Farewell, Bristolia’s dingy piles of brick,
Lovers of Mammon, worshipers of trick!
Ye spurned the boy who gave you antique lays,
And paid for learning with your empty praise.
Farewell, ye guzzling aldermanic fools,
By nature fitted for corruption’s tools! . . .
Farewell, my mother!—cease, my anguish’d soul,
Nor let distraction’s billows o’er me roll!
Have mercy, Heaven! when here I cease to live,
And this last act of wretchedness forgive.

Then he killed himself by drinking arsenic. He was seventeen years and nine months old. He was buried in a pauper’s grave.

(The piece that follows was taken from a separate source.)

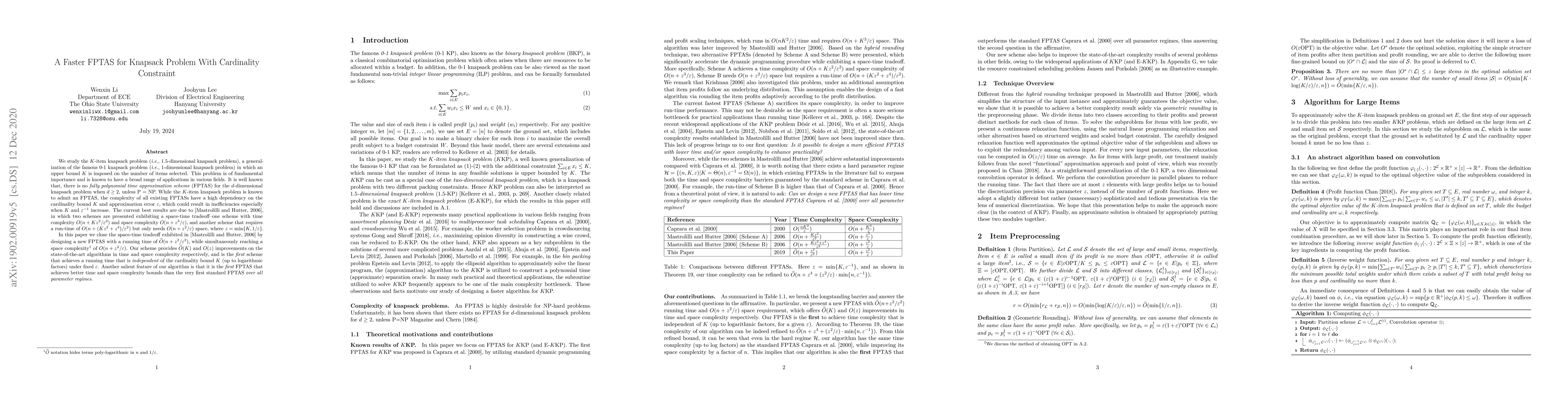 We study the $K$-item knapsack problem (i.e., $1.5$-dimensional KP), which is a generalization of the famous 0-1 knapsack problem (i.e., $1$-dimensional KP) in which an upper bound $K$ is imposed on the number of items selected. This problem is of fundamental importance and is known to have a broad range of applications in various fields. It is well known that, there is no FPTAS for the $d$-dimensional knapsack problem when $d\geq 2$, unless P $=$ NP. While the $K$-item knapsack problem is known to admit an FPTAS, the complexity of all existing FPTASs have a high dependency on the cardinality bound $K$ and approximation error $\varepsilon$, which could result in inefficiencies especially when $K$ and $\varepsilon^{-1}$ increase. The current best results are due to Mastrolilli and Hutter (2006), in which two schemes are presented exhibiting a space-time tradeoff--one scheme with time complexity $O(n+Kz^{2}/\varepsilon^{2})$ and space complexity $O(n+z^{3}/\varepsilon)$, while another scheme requires $O(n+(Kz^{2}+z^{4})/\varepsilon^{2})$ run-time but only needs $O(n+z^{2}/\varepsilon)$ space, where $z=\min\{K,1/\varepsilon\}$. In this paper we close the space-time tradeoff exhibited in the state-of-the-art by designing a new FPTAS with a run-time of $\widetilde{O}(n+z^{2}/\varepsilon^{2})$, while simultaneously reaching the $O(n+z^{2}/\varepsilon)$ space bound. Our scheme provides $\widetilde{O}(K)$ and $O(z)$ improvements on the state-of-the-art algorithms in time and space complexity respectively, and is the first scheme that achieves a run-time that is independent of cardinality bound $K$ (up to logarithmic factors) under fixed $\varepsilon$. Another salient feature of our scheme is that it is the first FPTAS that achieves better time and space complexity bounds than the very first standard FPTAS over all parameter regimes.
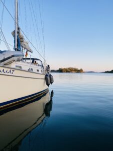 Wir verlassen die finnische Inselwelt und segeln zurück über den Skiftet nach Åland. Im August scheint die Hauptsaison vorüber. Die meisten Stege sind deutlich leerer. Wir sind immer noch ein wenig krank, aber da hilft segeln doch am besten gegen. Wir segeln rund 30 Meilen mit fantastischen NW-Wind und Sonnenschein. Unterwegs gibt es plötzlich ein lautes Geräusch. Etwas hat gegen den Rumpf geschlagen. Eine Nordtonne hat sich unnötigerweise direkt vor uns positioniert und uns gerammt. Ganz klarer Fall, wir waren Kurshalter. Zum Glück war es eine aus Plastik und eher kein.

His poems now fill two volumes. Had he called them imitations instead of originals he might have been recognized as a genuine poet, for some of the Rowley pieces are as good as most originals of the same genre. When he wrote in his own name he could indite satiric verses almost rivaling Pope’s, as in “The Methodist”141 or—bitterest of all—seventeen lines lashing Walpole as a heartless sycophant.142 When his surviving manuscripts were published (1777) the editor charged Walpole as partly responsible for the poet’s death; Walpole defended himself on the ground that he had felt no obligation to help a persistent impostor.143 Some warmhearted souls like Goldsmith insisted that the poems were genuine; Johnson laughed at his friend, but said: “This is the most extraordinary young man that has encountered my knowledge. It is wonderful how the whelp has written such things.”144 Shelley briefly commemorated the boy in Adonais,145 and Keats inscribed Endymion to his memory.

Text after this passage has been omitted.